TASK STATEMENT:
In the records below, find the line with "Coada plată caracteristică, dințișorii" and the line with "Leopard print pattern, faux"; return exactly those lines and every line between them.

DATA EXCERPTS:
<<<<

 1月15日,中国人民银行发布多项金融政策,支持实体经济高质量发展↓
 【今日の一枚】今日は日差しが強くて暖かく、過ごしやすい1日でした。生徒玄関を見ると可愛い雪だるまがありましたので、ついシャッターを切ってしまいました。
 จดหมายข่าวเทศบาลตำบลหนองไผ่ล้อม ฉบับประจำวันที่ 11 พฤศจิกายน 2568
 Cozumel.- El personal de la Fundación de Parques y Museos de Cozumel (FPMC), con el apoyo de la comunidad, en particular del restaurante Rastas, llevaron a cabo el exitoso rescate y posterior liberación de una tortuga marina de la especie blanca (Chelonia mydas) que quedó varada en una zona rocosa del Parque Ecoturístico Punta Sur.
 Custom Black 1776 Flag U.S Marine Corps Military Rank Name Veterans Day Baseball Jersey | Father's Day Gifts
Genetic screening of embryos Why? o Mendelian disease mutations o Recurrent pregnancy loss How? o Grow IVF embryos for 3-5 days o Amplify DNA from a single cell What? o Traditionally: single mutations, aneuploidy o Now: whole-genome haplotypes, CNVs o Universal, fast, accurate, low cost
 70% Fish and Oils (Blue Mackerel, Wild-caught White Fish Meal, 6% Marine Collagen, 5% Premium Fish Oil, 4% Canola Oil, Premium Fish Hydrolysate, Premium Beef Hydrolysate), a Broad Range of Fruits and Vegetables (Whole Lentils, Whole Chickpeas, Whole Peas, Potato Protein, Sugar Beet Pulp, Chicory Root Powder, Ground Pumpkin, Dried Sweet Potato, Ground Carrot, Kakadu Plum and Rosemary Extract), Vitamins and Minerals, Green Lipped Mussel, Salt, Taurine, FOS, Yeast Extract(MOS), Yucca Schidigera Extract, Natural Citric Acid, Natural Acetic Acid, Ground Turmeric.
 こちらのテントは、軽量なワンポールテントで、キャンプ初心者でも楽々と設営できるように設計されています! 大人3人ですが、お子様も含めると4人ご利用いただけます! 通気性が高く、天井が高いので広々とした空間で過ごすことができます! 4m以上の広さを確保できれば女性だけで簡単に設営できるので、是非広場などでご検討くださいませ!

>>>>
<<<<

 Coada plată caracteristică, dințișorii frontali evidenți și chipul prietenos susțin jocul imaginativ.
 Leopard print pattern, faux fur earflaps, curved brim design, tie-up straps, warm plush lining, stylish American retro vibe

>>>>

RESPONSE BOX:
 Coada plată caracteristică, dințișorii frontali evidenți și chipul prietenos susțin jocul imaginativ.
 Leopard print pattern, faux fur earflaps, curved brim design, tie-up straps, warm plush lining, stylish American retro vibe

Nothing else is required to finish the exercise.